**Exercise**
Reproduce every record below word for word and include no pictures.

═══ The data ═══

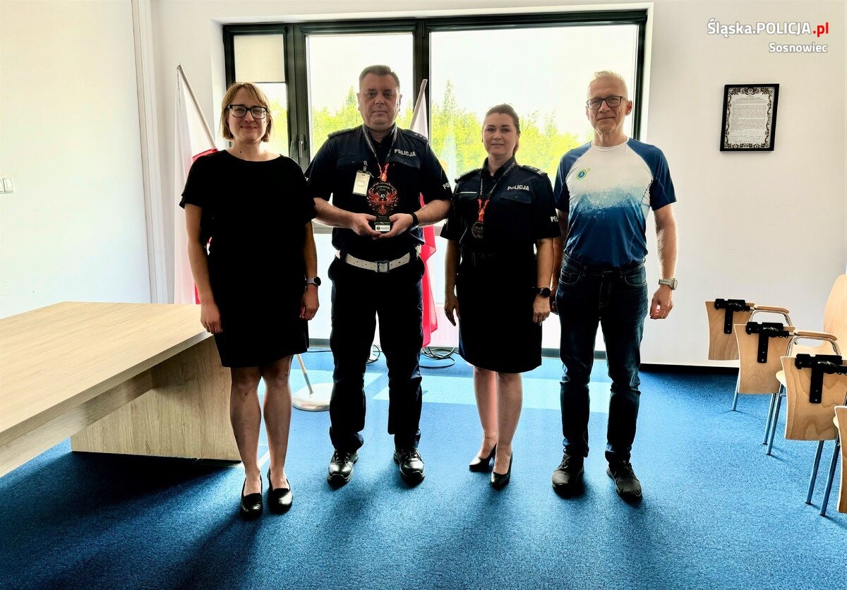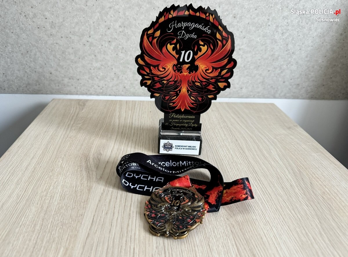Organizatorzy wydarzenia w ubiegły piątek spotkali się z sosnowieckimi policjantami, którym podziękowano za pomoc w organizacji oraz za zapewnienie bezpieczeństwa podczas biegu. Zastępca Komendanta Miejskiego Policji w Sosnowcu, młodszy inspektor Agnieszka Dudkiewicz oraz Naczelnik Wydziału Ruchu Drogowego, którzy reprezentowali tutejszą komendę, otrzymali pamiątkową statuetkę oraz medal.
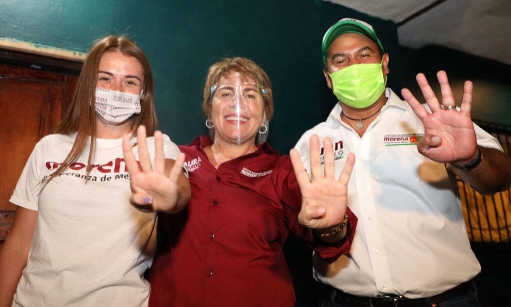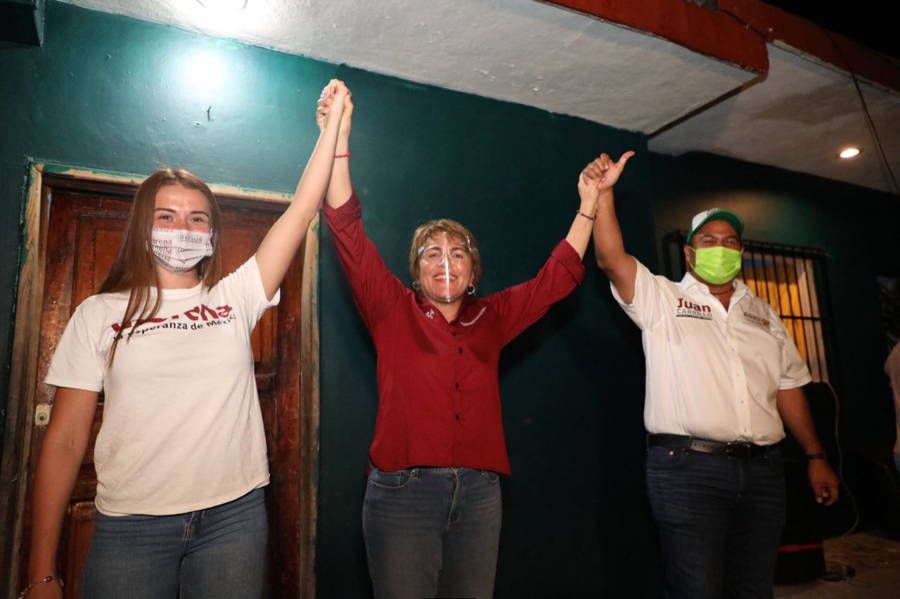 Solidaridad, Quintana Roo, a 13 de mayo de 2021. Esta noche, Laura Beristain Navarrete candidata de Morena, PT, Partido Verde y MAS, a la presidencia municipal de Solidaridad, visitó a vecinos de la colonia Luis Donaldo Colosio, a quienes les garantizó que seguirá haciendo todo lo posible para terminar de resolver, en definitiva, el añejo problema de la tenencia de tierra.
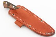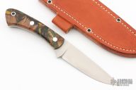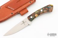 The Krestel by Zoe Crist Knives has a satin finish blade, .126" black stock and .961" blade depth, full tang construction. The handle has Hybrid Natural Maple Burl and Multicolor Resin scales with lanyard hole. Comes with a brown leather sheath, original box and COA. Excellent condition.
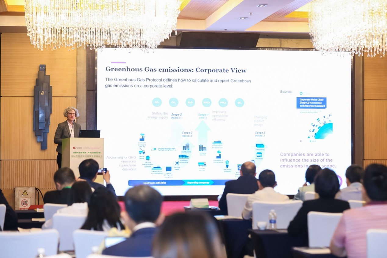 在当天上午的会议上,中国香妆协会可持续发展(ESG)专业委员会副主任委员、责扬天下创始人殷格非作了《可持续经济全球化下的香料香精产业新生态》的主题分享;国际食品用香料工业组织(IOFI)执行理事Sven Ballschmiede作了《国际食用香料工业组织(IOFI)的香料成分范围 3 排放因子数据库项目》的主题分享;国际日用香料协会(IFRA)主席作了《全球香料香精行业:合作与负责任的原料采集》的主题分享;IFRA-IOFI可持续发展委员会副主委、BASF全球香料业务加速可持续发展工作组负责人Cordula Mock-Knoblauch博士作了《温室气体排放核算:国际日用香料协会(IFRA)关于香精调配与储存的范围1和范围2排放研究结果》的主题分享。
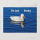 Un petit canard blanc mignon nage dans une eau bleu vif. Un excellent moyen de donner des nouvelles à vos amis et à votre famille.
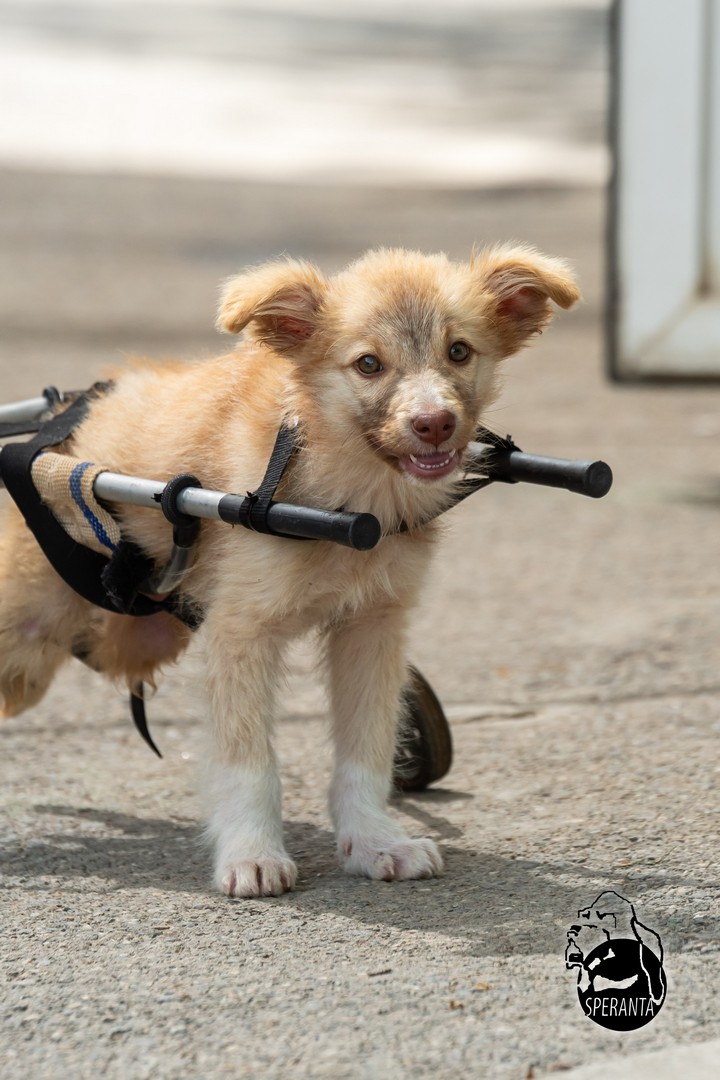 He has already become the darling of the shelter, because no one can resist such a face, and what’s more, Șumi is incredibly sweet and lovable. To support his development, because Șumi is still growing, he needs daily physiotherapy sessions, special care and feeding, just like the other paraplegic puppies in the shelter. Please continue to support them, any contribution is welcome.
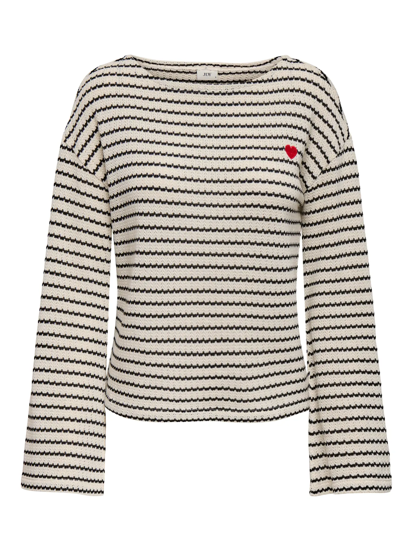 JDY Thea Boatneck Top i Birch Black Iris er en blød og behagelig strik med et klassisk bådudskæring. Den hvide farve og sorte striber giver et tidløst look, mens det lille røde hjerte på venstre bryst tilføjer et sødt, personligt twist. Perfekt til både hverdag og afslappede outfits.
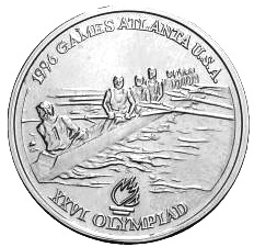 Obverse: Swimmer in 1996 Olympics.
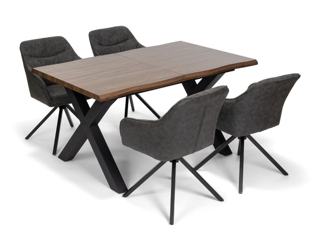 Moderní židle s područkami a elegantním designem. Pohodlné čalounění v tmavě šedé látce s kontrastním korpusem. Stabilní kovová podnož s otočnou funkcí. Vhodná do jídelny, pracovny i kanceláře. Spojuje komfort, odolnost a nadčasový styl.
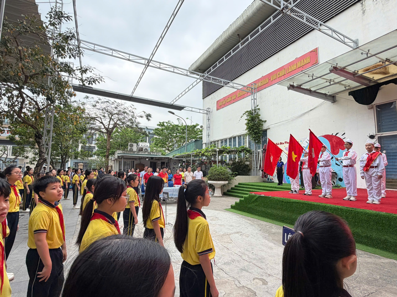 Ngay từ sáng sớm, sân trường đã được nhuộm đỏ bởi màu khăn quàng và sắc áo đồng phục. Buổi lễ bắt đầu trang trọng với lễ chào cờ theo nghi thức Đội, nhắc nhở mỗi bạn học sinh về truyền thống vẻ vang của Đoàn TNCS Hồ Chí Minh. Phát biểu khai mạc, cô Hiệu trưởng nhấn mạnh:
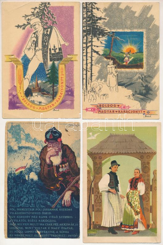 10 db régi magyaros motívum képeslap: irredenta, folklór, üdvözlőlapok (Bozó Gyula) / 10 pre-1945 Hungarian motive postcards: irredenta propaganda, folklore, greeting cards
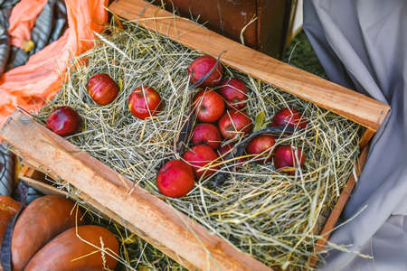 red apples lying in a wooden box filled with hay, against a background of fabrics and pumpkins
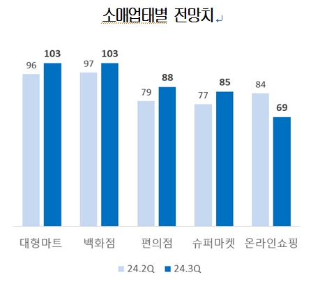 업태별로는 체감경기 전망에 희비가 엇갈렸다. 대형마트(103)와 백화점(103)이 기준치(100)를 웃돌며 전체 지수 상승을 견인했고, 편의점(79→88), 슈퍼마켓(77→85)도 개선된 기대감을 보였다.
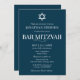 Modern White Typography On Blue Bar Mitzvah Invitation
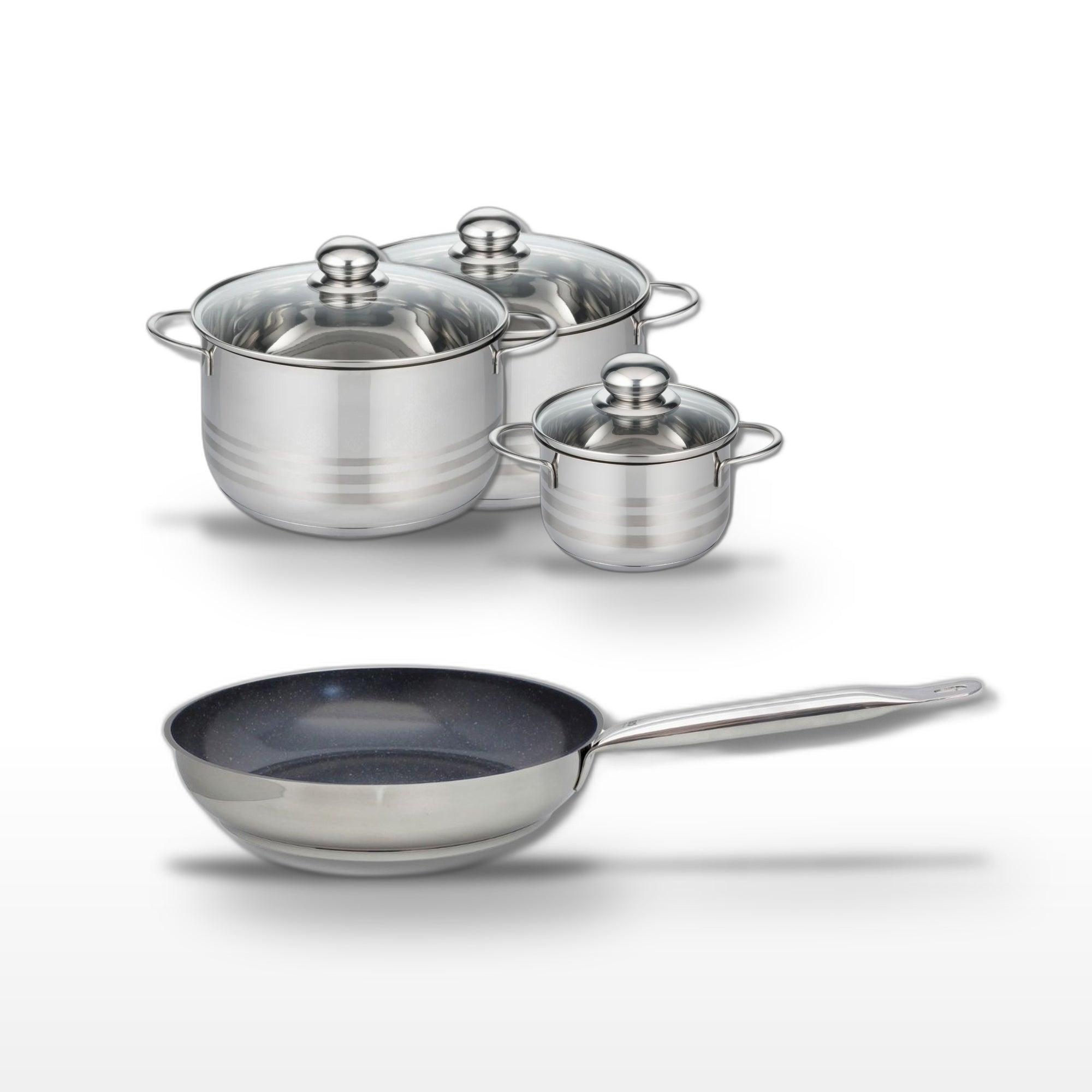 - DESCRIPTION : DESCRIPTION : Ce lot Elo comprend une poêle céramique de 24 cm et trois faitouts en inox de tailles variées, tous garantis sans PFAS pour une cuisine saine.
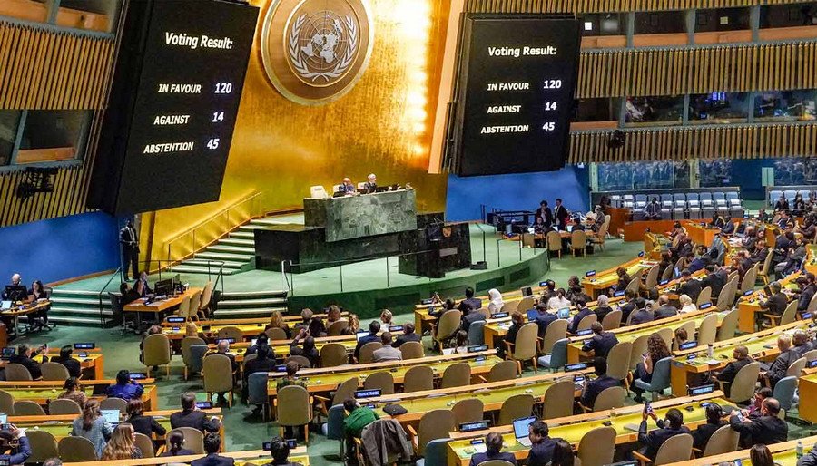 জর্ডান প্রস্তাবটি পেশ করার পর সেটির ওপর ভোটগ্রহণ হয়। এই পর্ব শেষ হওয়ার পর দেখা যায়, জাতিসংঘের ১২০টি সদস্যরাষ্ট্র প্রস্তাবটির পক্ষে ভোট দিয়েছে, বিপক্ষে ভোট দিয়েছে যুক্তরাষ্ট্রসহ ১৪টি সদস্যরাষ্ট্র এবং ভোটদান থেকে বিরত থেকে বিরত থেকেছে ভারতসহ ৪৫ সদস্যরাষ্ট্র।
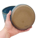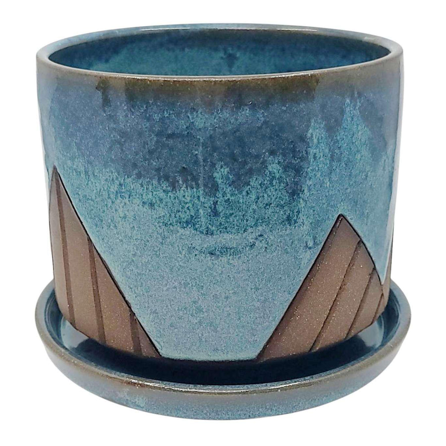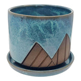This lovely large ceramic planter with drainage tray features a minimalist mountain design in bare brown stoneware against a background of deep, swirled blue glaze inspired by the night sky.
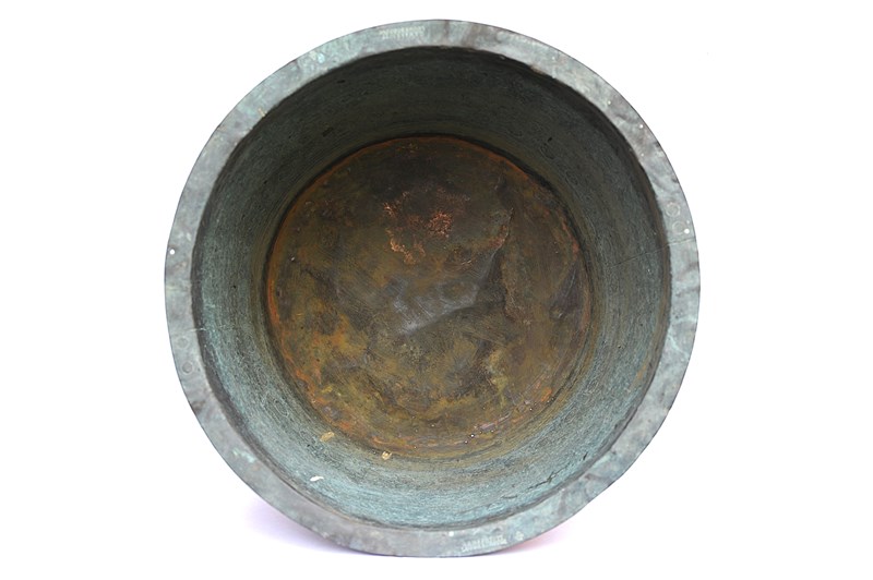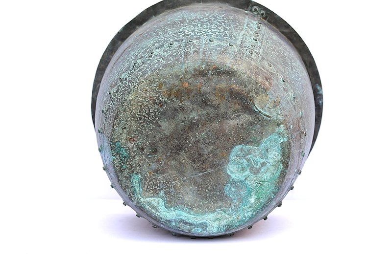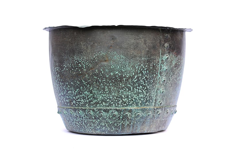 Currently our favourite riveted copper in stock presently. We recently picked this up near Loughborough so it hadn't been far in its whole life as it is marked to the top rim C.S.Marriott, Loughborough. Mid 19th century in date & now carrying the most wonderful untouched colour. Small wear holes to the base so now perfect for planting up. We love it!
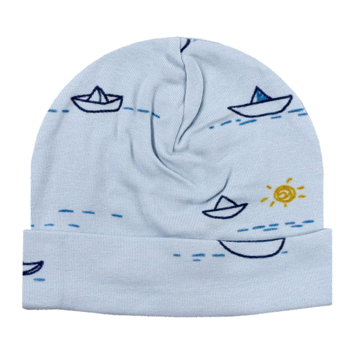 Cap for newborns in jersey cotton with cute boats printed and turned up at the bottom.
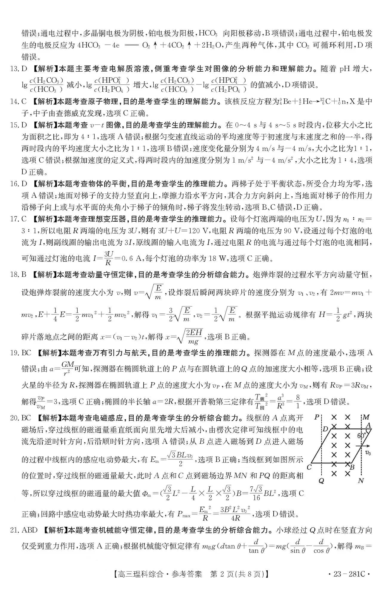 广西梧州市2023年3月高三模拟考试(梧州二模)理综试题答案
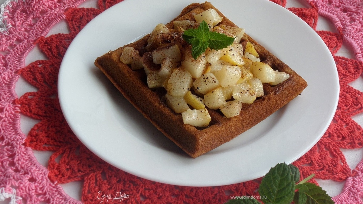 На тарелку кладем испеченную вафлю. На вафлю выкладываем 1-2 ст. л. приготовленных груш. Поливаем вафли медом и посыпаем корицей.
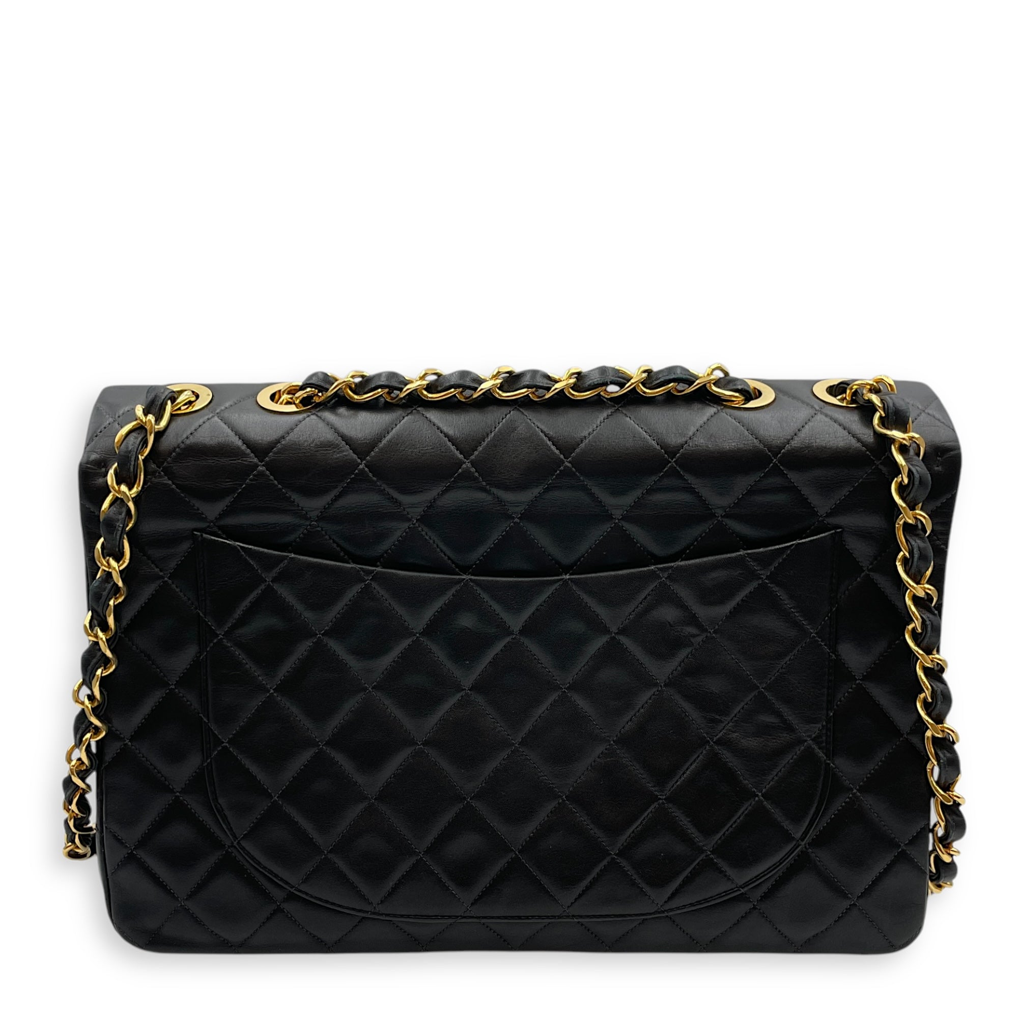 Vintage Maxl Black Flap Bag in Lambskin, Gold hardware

═══

**Exercise answer**
Organizatorzy wydarzenia w ubiegły piątek spotkali się z sosnowieckimi policjantami, którym podziękowano za pomoc w organizacji oraz za zapewnienie bezpieczeństwa podczas biegu. Zastępca Komendanta Miejskiego Policji w Sosnowcu, młodszy inspektor Agnieszka Dudkiewicz oraz Naczelnik Wydziału Ruchu Drogowego, którzy reprezentowali tutejszą komendę, otrzymali pamiątkową statuetkę oraz medal.
 Solidaridad, Quintana Roo, a 13 de mayo de 2021. Esta noche, Laura Beristain Navarrete candidata de Morena, PT, Partido Verde y MAS, a la presidencia municipal de Solidaridad, visitó a vecinos de la colonia Luis Donaldo Colosio, a quienes les garantizó que seguirá haciendo todo lo posible para terminar de resolver, en definitiva, el añejo problema de la tenencia de tierra.
 The Krestel by Zoe Crist Knives has a satin finish blade, .126" black stock and .961" blade depth, full tang construction. The handle has Hybrid Natural Maple Burl and Multicolor Resin scales with lanyard hole. Comes with a brown leather sheath, original box and COA. Excellent condition.
 在当天上午的会议上,中国香妆协会可持续发展(ESG)专业委员会副主任委员、责扬天下创始人殷格非作了《可持续经济全球化下的香料香精产业新生态》的主题分享;国际食品用香料工业组织(IOFI)执行理事Sven Ballschmiede作了《国际食用香料工业组织(IOFI)的香料成分范围 3 排放因子数据库项目》的主题分享;国际日用香料协会(IFRA)主席作了《全球香料香精行业:合作与负责任的原料采集》的主题分享;IFRA-IOFI可持续发展委员会副主委、BASF全球香料业务加速可持续发展工作组负责人Cordula Mock-Knoblauch博士作了《温室气体排放核算:国际日用香料协会(IFRA)关于香精调配与储存的范围1和范围2排放研究结果》的主题分享。
 Un petit canard blanc mignon nage dans une eau bleu vif. Un excellent moyen de donner des nouvelles à vos amis et à votre famille.
 He has already become the darling of the shelter, because no one can resist such a face, and what’s more, Șumi is incredibly sweet and lovable. To support his development, because Șumi is still growing, he needs daily physiotherapy sessions, special care and feeding, just like the other paraplegic puppies in the shelter. Please continue to support them, any contribution is welcome.
 JDY Thea Boatneck Top i Birch Black Iris er en blød og behagelig strik med et klassisk bådudskæring. Den hvide farve og sorte striber giver et tidløst look, mens det lille røde hjerte på venstre bryst tilføjer et sødt, personligt twist. Perfekt til både hverdag og afslappede outfits.
 Obverse: Swimmer in 1996 Olympics.
 Moderní židle s područkami a elegantním designem. Pohodlné čalounění v tmavě šedé látce s kontrastním korpusem. Stabilní kovová podnož s otočnou funkcí. Vhodná do jídelny, pracovny i kanceláře. Spojuje komfort, odolnost a nadčasový styl.
 Ngay từ sáng sớm, sân trường đã được nhuộm đỏ bởi màu khăn quàng và sắc áo đồng phục. Buổi lễ bắt đầu trang trọng với lễ chào cờ theo nghi thức Đội, nhắc nhở mỗi bạn học sinh về truyền thống vẻ vang của Đoàn TNCS Hồ Chí Minh. Phát biểu khai mạc, cô Hiệu trưởng nhấn mạnh:
 10 db régi magyaros motívum képeslap: irredenta, folklór, üdvözlőlapok (Bozó Gyula) / 10 pre-1945 Hungarian motive postcards: irredenta propaganda, folklore, greeting cards
 red apples lying in a wooden box filled with hay, against a background of fabrics and pumpkins
 업태별로는 체감경기 전망에 희비가 엇갈렸다. 대형마트(103)와 백화점(103)이 기준치(100)를 웃돌며 전체 지수 상승을 견인했고, 편의점(79→88), 슈퍼마켓(77→85)도 개선된 기대감을 보였다.
 Modern White Typography On Blue Bar Mitzvah Invitation
 - DESCRIPTION : DESCRIPTION : Ce lot Elo comprend une poêle céramique de 24 cm et trois faitouts en inox de tailles variées, tous garantis sans PFAS pour une cuisine saine.
 জর্ডান প্রস্তাবটি পেশ করার পর সেটির ওপর ভোটগ্রহণ হয়। এই পর্ব শেষ হওয়ার পর দেখা যায়, জাতিসংঘের ১২০টি সদস্যরাষ্ট্র প্রস্তাবটির পক্ষে ভোট দিয়েছে, বিপক্ষে ভোট দিয়েছে যুক্তরাষ্ট্রসহ ১৪টি সদস্যরাষ্ট্র এবং ভোটদান থেকে বিরত থেকে বিরত থেকেছে ভারতসহ ৪৫ সদস্যরাষ্ট্র।
This lovely large ceramic planter with drainage tray features a minimalist mountain design in bare brown stoneware against a background of deep, swirled blue glaze inspired by the night sky.
 Currently our favourite riveted copper in stock presently. We recently picked this up near Loughborough so it hadn't been far in its whole life as it is marked to the top rim C.S.Marriott, Loughborough. Mid 19th century in date & now carrying the most wonderful untouched colour. Small wear holes to the base so now perfect for planting up. We love it!
 Cap for newborns in jersey cotton with cute boats printed and turned up at the bottom.
 广西梧州市2023年3月高三模拟考试(梧州二模)理综试题答案
 На тарелку кладем испеченную вафлю. На вафлю выкладываем 1-2 ст. л. приготовленных груш. Поливаем вафли медом и посыпаем корицей.
 Vintage Maxl Black Flap Bag in Lambskin, Gold hardware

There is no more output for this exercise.